Imaginantia

思ったことを書きます

語彙と数学

随分昔に思ったこと。

数学は概念を整理及び整備する。そこにはよく知られていないにも関わらず普遍的な概念がたくさんある。それはもはや思考に関する語彙になる。

整備された空間でお話を展開するのは、何も無いままに手探りで進むよりもよっぽど簡単。だから人は概念を学ぶべきなのです。と思うのです。

そういう世界がわからないのは、文字が読めないか、概念をわかっていないかだと思います。どっちもよくありますが、どっちもやっていくうちに読める/わかる気がします。

 

例えば半順序集合。これはものを「比べる」ときの方法を提供しますが、常に比べられるとは限らないことが意味として含まれています。

数学は基本的に否定ではなく構成をするので「比べられない」という言い方はしません。代わりに「何なら比べられる」という考え方です。

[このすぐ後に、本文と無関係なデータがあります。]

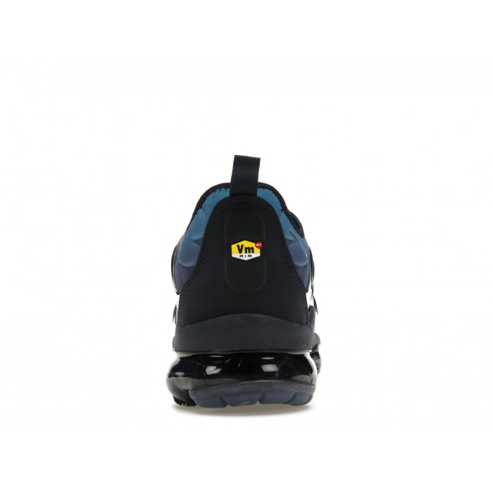The Nike Air VaporMax Plus Obsidian comes in an obsidian, obsidian-photo blue-black color palette.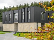 1 этаж: холл, гардеробная, гостиная-кухня-столовая, рабочая кухня с техническим помещением, кабинет, блок с двумя спальнями, с/у и гардеробной, помещение свободного назначения с сауной и санузлом, терраса, с/у.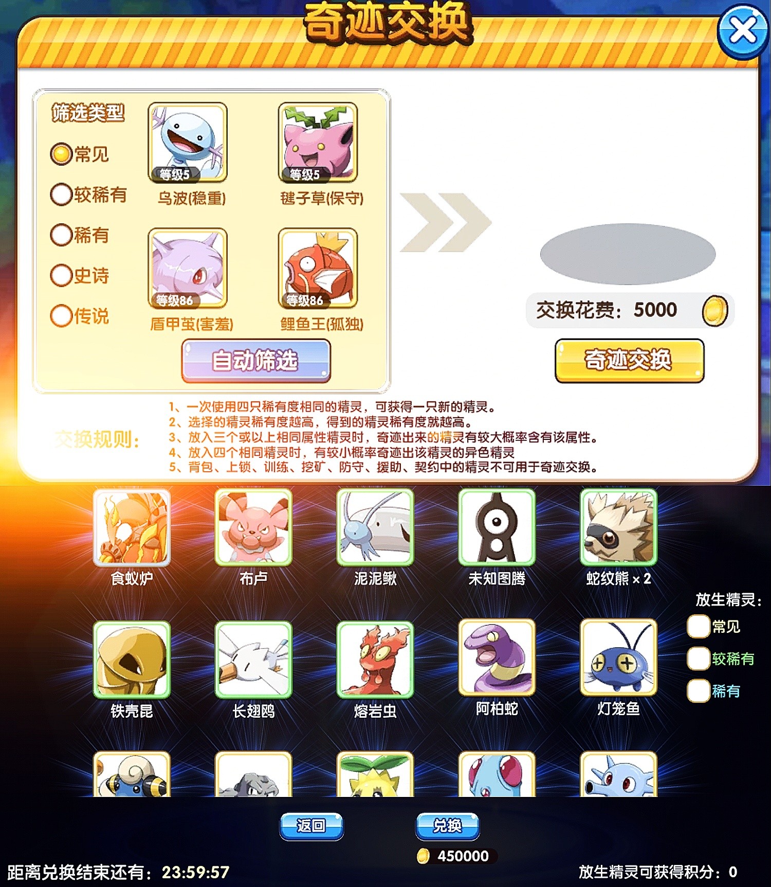 我相信。某些玩家为了刷得妙蛙种子,杰尼龟,喷火龙的好性格等等或者是伊布、皮丘,纷纷去奇迹交换!!擦亮眼睛了!金币100连抽换一次45w金币,而且每交换一次就要5000金币!搞几下子,你的金币就没了。最好还是别去了,情愿中级场洗。(除非你屯了太多的金币,花不完,那就随意喽)

一部のものは比較できるけど、常に比較できるとは言えない。それは普遍的な状況です。

 

例えば商集合。これは「等しさ」の解釈を上書きする方法です。即ち違うものを同じものだと見做すための概念です。

そのために必要とされる条件が、同値関係に課せられる制約なわけです。それを守っていなければ同じだと見做すという行為は正当化されません。

小さいことを忘れて必要な部分だけを見ること、そしてその時に十分注意深くあるべきであること。これも普遍的です。

 

私は同型の概念が好きです。これは違うけど同じにみえるもの、を記述します。そうすると同じ情報を持つ限り自由に世界の行き来ができるようになります。

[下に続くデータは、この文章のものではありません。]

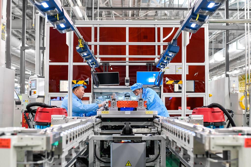 3月18日,在匈牙利比奧托爾巴吉,工人在蔚來能源歐洲工廠工作。新華社記者張帆攝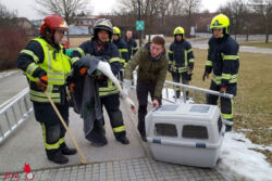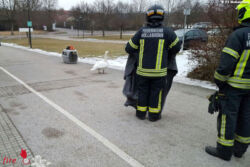HOLLABRUNN (NÖ): Am Sonntagmorgen, 12. Februar 2017, wurden die Mitglieder der Freiwilligen Feuerwehr Hollabrunn zu einer Tierrettung zum Landesklinikum Hollabrunn alarmiert. Vor Ort stellte sich folgendes Bild: Ein aggresiver Schwan hatte sich vor den Haupteingang des Landesklinikum verirrt. Dabei fauchte der Schwan Personen an, die sich ihm näherten und ließ sich nicht fangen.

しかし当然それには強い制約が課せられます。即ち行って戻ってこれなければならないことを。

でも、さらに弱い概念として随伴があります。これは多少情報が削れていたとしても、本質的に削れていないのならば許容するという概念です。

モノの等しさというのは一切自明な事柄ではなく、目的に応じた測りがあるべきなのです。違いを無視して良いなら同一視を許して良いのです。

 

「主張」という概念にも対応して命題があるわけですが、主張が成り立つことと主張そのものは「意味」と「文法」ほどに区別される概念です。

そしてその意味づけにもまた種類がある。例えば「何故成り立つのかを極限まで追求しなければならない」世界。

これはとても制約が強いわけだけど、その制約によって私達はどうすればいいのかを知ることができるのです。何故なら、何のために、どうやって考えてきたのかを伝えてくれるので。

現世ではよく「何故ルールが存在するのか」「何のために制約があるのか」を忘れられているものですが、それはある意味で当然の帰結なのです。始まりの段階で無視してきたことですから。

「命題は正しいか、正しくない。」というのは情報を落としすぎなのですよ。誰もが証拠を求めるこの時代、もう少し証明に興味を持ってほしいものです。

そういえば「質問に『はい』か『いいえ』だけを返さない」っていうのを思った。つまり共にその返答の根拠を示すべきと。もちろんそれが不要な場合もあるわけだけど。

何かを与えた分、何かが帰ってくるものなのです。良いことであれ、悪いことであれ。

 

そういう概念の捻り方を、解釈の自由さを知ってやっと、頭の負荷を減らしつつ厳密な議論が出来ると思うんですよ。

そうしないと自然言語に翻弄されるだけなのです。いつの間にか違うものが同じものにすり替わっている。誰かの都合で。

正しく願いを表現してください。よろしくおねがいします。